Task goal
Copy each line of the listing below exactly and drop the images.

Data below
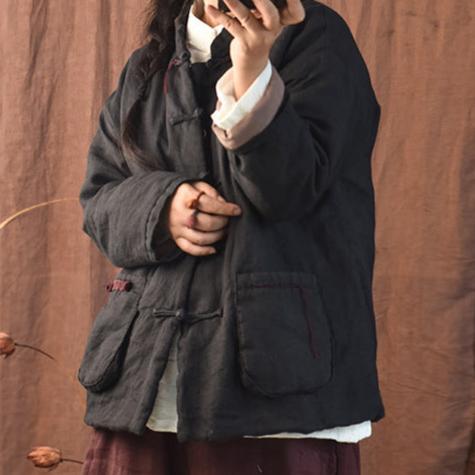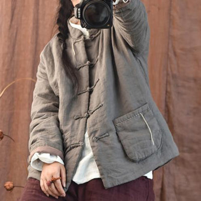 Chaqueta acolchada de algodón de lino retro de otoño para mujer
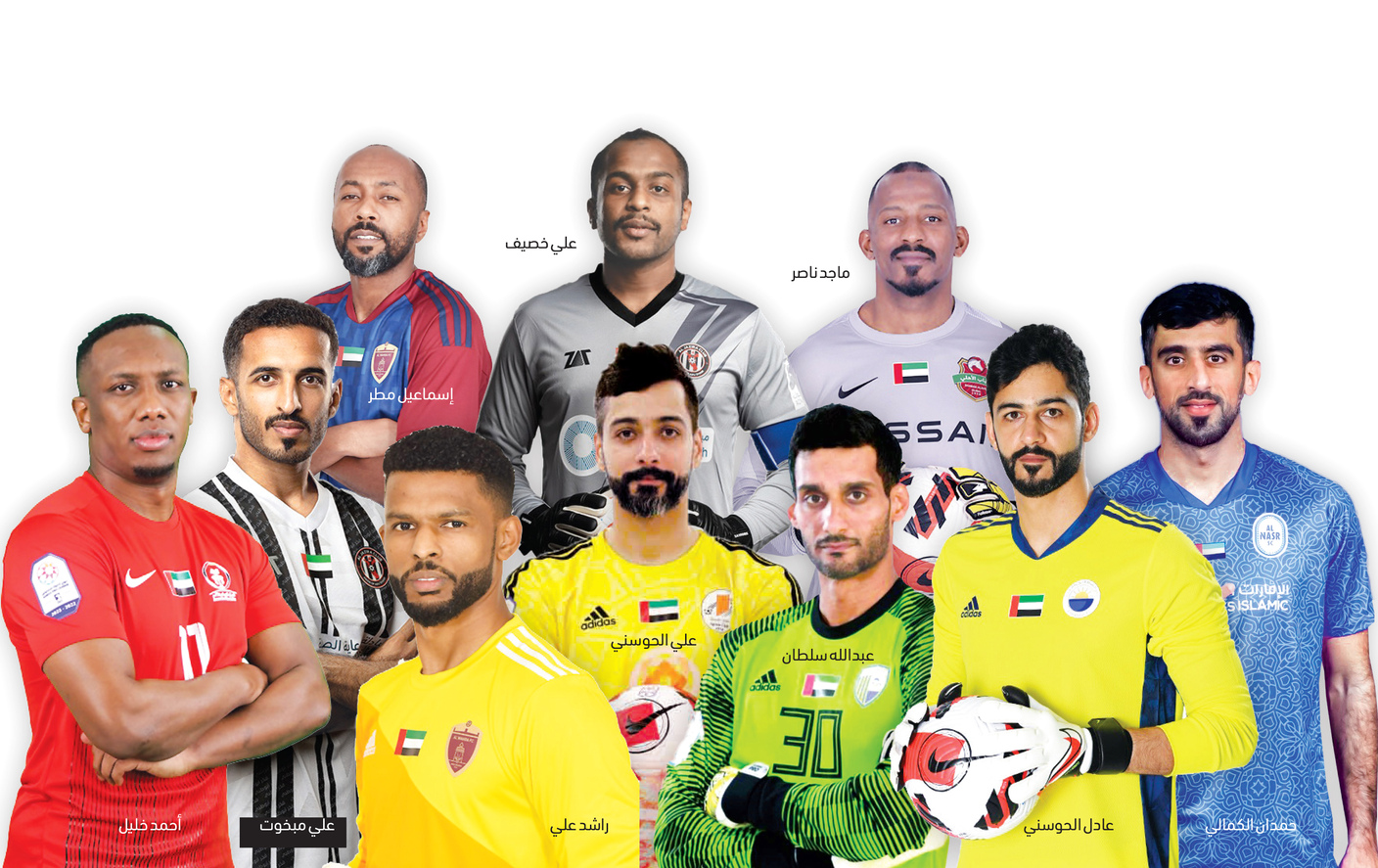ويظهر في القائمة 6 حراس مرمى، ماجد ناصر، علي خصيف، علي الحوسني، عادل الحوسني، عبدالله سلطان، راشد علي، وجميعهم يشاركون بصفة أساسية مع فرقهم باستثناء راشد علي الحارس الثاني بالوحدة، ما يؤكد أن حراس المرمى هم الأطول عمراً في الملاعب والأكثر قدرة على الاستمرارية.
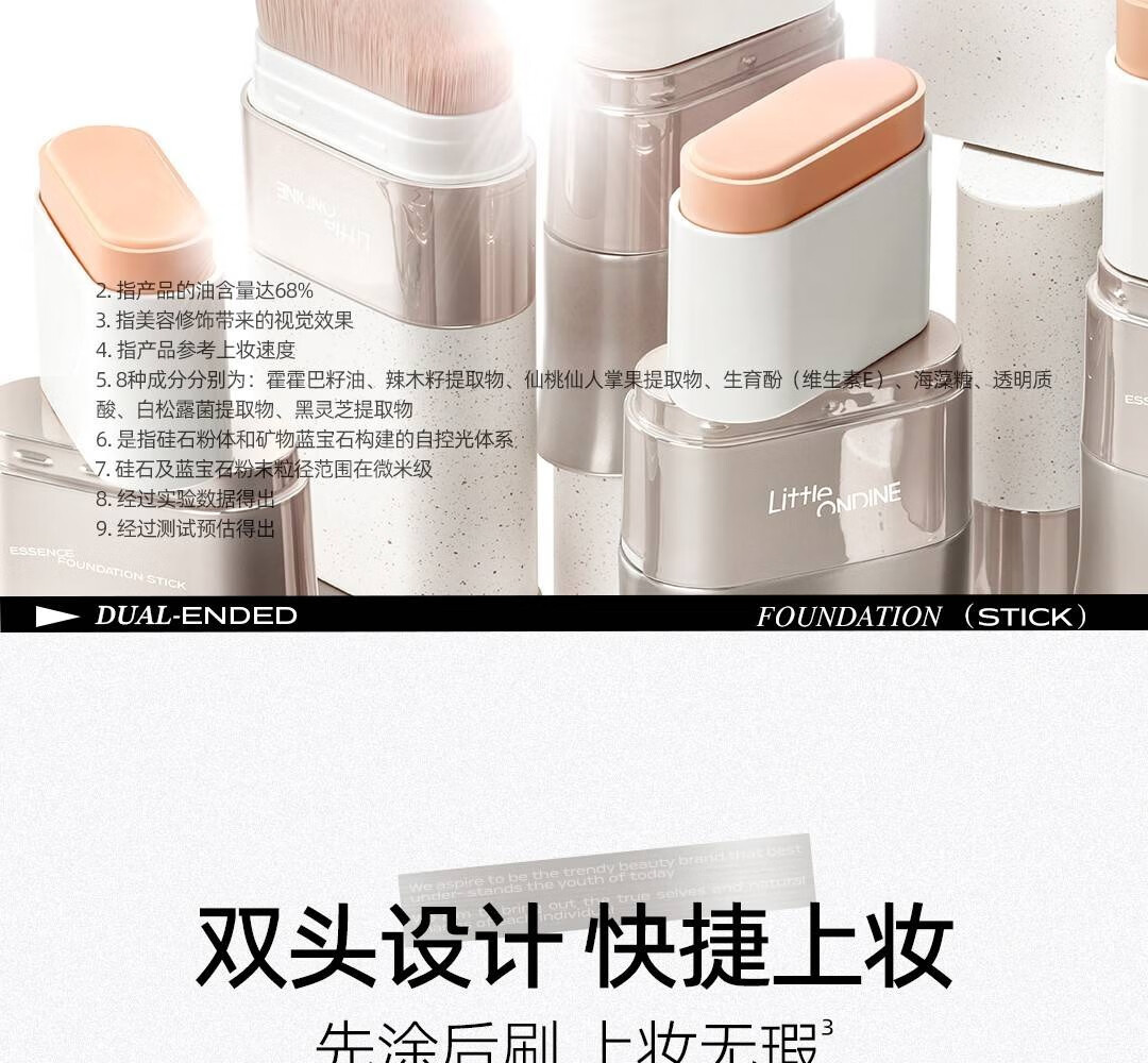 小奥汀(littleondine)粉底膏沁润精华粉底棒双头带刷头橡皮擦遮瑕持妆提亮不卡粉 【W02自然色】适合暖调自然肤色

Exercise output
 Chaqueta acolchada de algodón de lino retro de otoño para mujer
ويظهر في القائمة 6 حراس مرمى، ماجد ناصر، علي خصيف، علي الحوسني، عادل الحوسني، عبدالله سلطان، راشد علي، وجميعهم يشاركون بصفة أساسية مع فرقهم باستثناء راشد علي الحارس الثاني بالوحدة، ما يؤكد أن حراس المرمى هم الأطول عمراً في الملاعب والأكثر قدرة على الاستمرارية.
 小奥汀(littleondine)粉底膏沁润精华粉底棒双头带刷头橡皮擦遮瑕持妆提亮不卡粉 【W02自然色】适合暖调自然肤色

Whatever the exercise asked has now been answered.